Material for this task:

———

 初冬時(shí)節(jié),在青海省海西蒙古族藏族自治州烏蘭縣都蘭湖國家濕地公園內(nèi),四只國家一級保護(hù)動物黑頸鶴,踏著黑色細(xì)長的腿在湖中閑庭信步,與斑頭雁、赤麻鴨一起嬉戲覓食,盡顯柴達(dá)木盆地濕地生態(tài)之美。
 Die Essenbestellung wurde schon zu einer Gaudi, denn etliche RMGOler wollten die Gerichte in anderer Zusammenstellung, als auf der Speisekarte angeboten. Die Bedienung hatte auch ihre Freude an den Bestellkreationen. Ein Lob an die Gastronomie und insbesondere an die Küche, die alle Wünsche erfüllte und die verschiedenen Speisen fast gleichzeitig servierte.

———

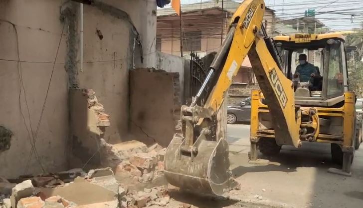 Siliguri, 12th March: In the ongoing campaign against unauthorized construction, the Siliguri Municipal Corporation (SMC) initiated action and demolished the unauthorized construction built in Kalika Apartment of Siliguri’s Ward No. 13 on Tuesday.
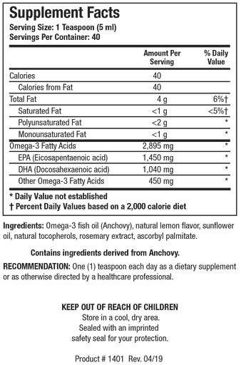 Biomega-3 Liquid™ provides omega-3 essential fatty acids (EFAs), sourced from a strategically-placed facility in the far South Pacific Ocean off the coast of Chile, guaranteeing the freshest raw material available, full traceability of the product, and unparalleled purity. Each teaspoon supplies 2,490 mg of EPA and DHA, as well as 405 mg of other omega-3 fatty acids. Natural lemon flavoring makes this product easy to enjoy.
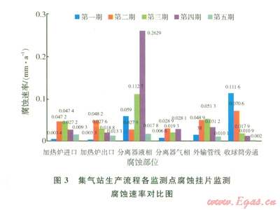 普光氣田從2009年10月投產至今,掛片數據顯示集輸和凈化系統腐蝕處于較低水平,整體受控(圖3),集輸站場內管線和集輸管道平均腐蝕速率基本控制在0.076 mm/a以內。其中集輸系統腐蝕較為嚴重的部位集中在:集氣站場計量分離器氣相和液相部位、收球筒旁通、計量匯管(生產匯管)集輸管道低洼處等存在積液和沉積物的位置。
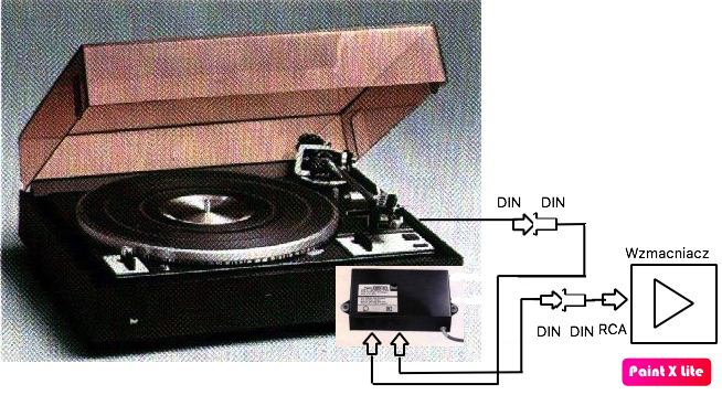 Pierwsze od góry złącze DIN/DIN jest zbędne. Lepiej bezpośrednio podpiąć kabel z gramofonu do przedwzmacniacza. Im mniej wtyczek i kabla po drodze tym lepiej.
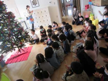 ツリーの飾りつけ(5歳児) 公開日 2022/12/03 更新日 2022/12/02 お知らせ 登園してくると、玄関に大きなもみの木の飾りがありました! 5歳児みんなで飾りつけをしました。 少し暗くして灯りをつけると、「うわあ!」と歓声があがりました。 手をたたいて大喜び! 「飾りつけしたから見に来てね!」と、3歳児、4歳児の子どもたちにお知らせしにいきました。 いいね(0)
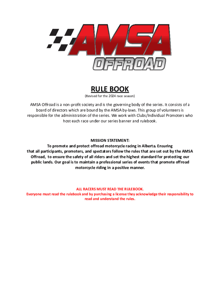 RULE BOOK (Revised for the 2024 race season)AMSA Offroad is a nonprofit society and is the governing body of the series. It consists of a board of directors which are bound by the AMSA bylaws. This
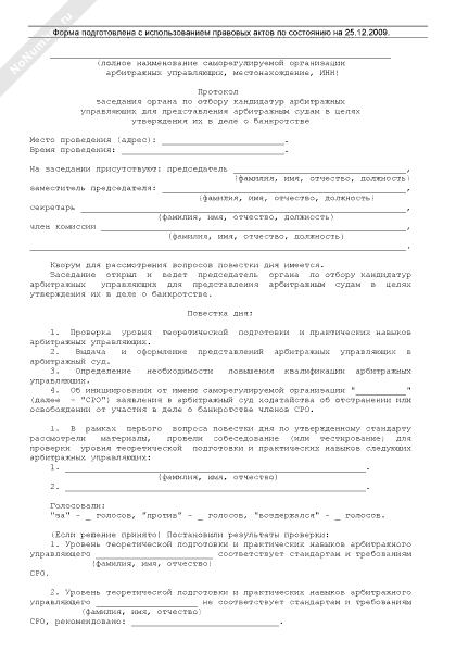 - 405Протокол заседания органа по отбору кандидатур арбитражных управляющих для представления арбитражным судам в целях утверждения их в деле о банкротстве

———

The problem:
Return only the part of the records above that opens with the line containing "初冬時(shí)節(jié)" and closes with the line containing "Die Essenbestellung wurde", ends included.

Exercise result:
 初冬時(shí)節(jié),在青海省海西蒙古族藏族自治州烏蘭縣都蘭湖國家濕地公園內(nèi),四只國家一級保護(hù)動物黑頸鶴,踏著黑色細(xì)長的腿在湖中閑庭信步,與斑頭雁、赤麻鴨一起嬉戲覓食,盡顯柴達(dá)木盆地濕地生態(tài)之美。
 Die Essenbestellung wurde schon zu einer Gaudi, denn etliche RMGOler wollten die Gerichte in anderer Zusammenstellung, als auf der Speisekarte angeboten. Die Bedienung hatte auch ihre Freude an den Bestellkreationen. Ein Lob an die Gastronomie und insbesondere an die Küche, die alle Wünsche erfüllte und die verschiedenen Speisen fast gleichzeitig servierte.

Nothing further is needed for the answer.